= Supplied records =
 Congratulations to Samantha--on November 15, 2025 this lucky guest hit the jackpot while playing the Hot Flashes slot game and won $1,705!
==
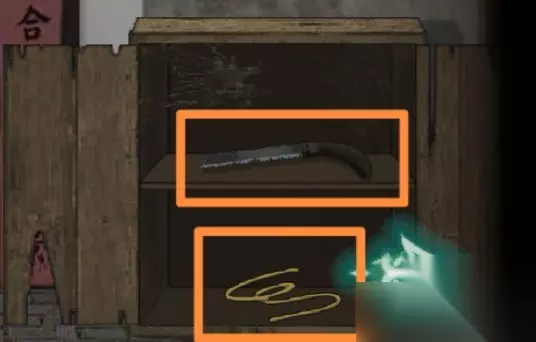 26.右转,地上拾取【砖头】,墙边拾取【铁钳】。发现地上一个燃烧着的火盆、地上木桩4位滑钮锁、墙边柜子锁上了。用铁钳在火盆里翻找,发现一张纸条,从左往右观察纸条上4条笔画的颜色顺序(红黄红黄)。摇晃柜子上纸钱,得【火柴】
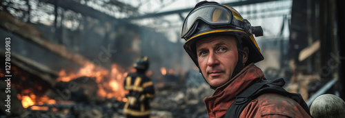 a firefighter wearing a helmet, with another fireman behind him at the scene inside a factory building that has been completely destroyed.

= Task details =
Please return the data above exactly as it stands from the line with "26.右转,地上拾取【砖头】" to the line with "a firefighter wearing", keeping both of those lines but none of the pictures.

= Reply =
 26.右转,地上拾取【砖头】,墙边拾取【铁钳】。发现地上一个燃烧着的火盆、地上木桩4位滑钮锁、墙边柜子锁上了。用铁钳在火盆里翻找,发现一张纸条,从左往右观察纸条上4条笔画的颜色顺序(红黄红黄)。摇晃柜子上纸钱,得【火柴】
 a firefighter wearing a helmet, with another fireman behind him at the scene inside a factory building that has been completely destroyed.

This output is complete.